Action item: Your copy should hold only the lines from the one with "直升机凭借其直上直下因而成为" to the one with "The export of", both included, each exactly as it stands below, with no pictures.

(Provided data)

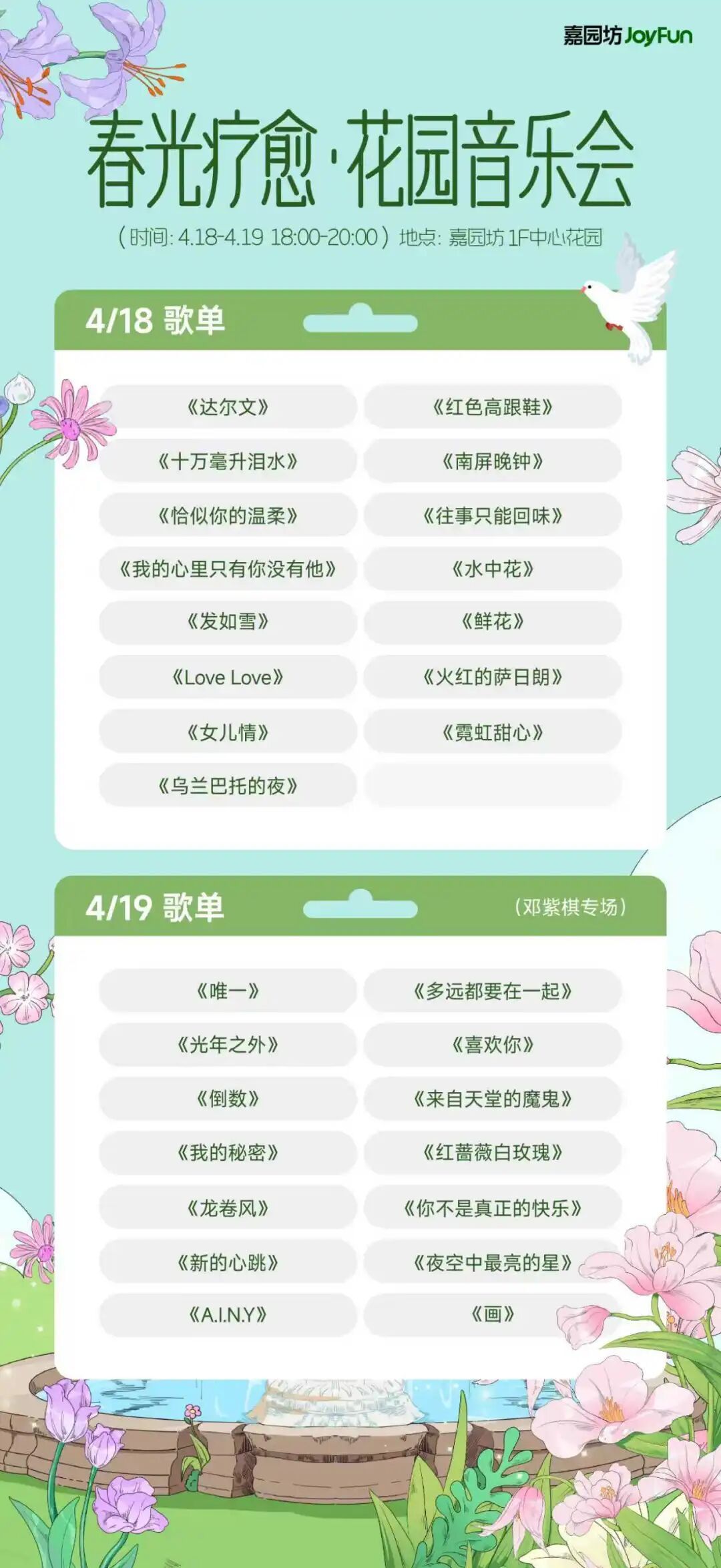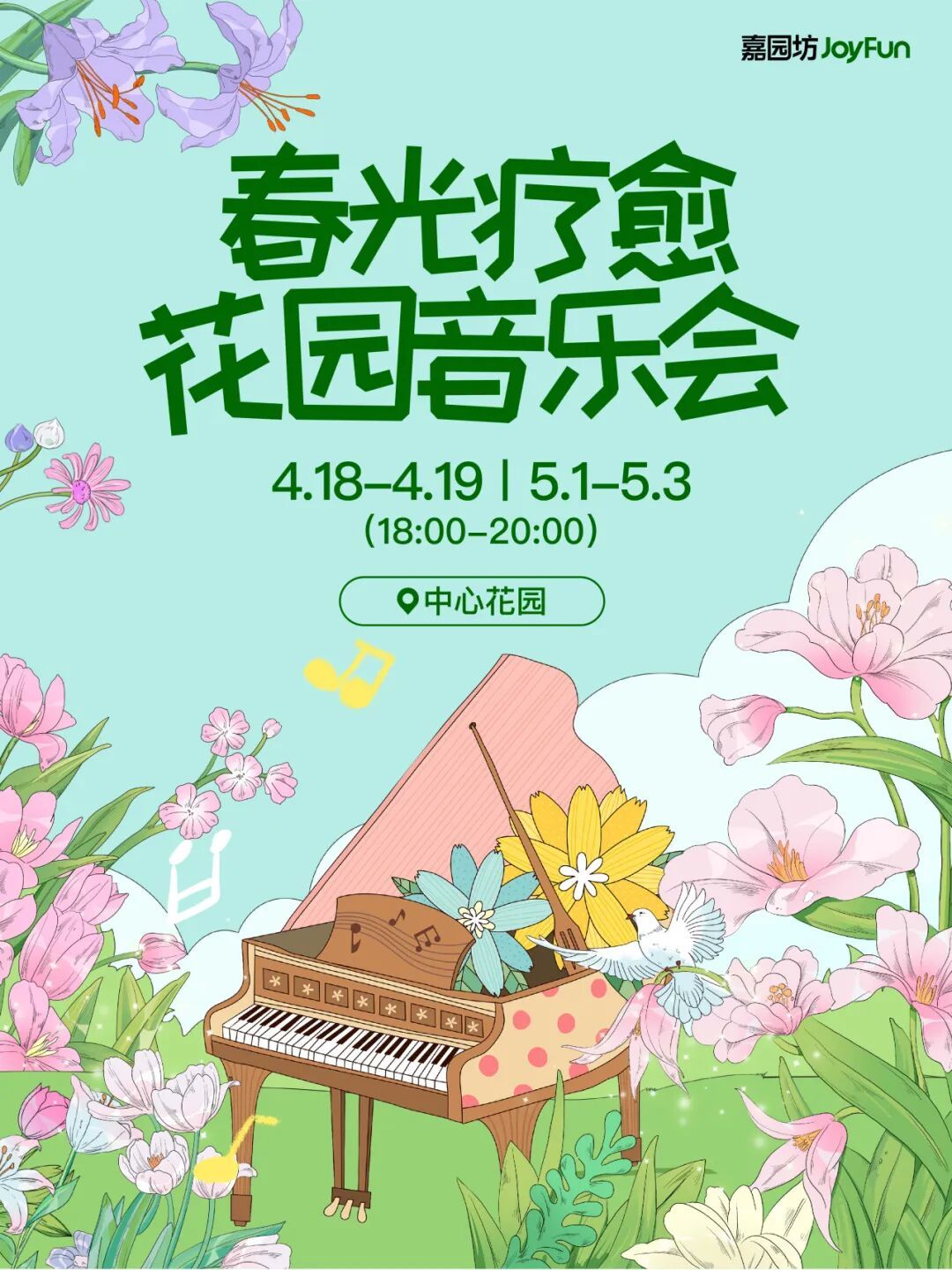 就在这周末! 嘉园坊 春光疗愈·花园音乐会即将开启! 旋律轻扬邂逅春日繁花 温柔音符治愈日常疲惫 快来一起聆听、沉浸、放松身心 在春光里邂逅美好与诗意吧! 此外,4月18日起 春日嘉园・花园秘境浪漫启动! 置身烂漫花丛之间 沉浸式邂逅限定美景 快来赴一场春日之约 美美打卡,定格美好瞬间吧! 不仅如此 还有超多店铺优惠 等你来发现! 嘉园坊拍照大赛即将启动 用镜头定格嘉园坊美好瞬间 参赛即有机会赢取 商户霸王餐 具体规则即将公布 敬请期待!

(End Provided data)
(Provided data)

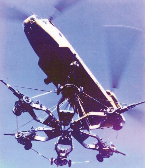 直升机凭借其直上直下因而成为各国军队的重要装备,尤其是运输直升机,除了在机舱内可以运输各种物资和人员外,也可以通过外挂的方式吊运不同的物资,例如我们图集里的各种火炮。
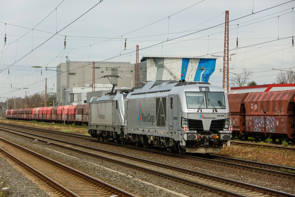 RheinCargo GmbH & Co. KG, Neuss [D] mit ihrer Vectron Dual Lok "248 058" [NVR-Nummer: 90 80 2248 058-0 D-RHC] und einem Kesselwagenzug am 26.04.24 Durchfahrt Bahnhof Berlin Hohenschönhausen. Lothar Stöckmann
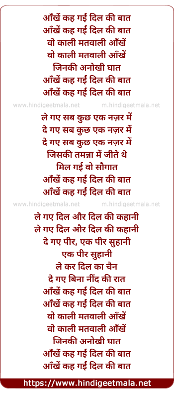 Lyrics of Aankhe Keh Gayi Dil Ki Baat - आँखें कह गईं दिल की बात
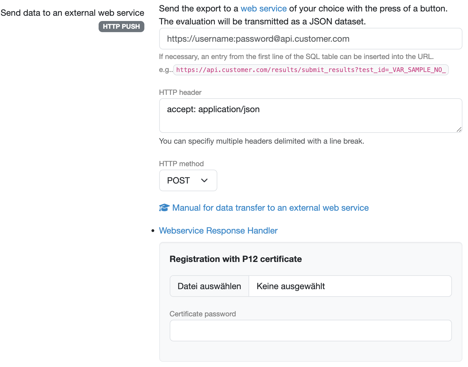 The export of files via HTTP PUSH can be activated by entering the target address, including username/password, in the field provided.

(End Provided data)

Expected output:
 直升机凭借其直上直下因而成为各国军队的重要装备,尤其是运输直升机,除了在机舱内可以运输各种物资和人员外,也可以通过外挂的方式吊运不同的物资,例如我们图集里的各种火炮。
 RheinCargo GmbH & Co. KG, Neuss [D] mit ihrer Vectron Dual Lok "248 058" [NVR-Nummer: 90 80 2248 058-0 D-RHC] und einem Kesselwagenzug am 26.04.24 Durchfahrt Bahnhof Berlin Hohenschönhausen. Lothar Stöckmann
 Lyrics of Aankhe Keh Gayi Dil Ki Baat - आँखें कह गईं दिल की बात
 The export of files via HTTP PUSH can be activated by entering the target address, including username/password, in the field provided.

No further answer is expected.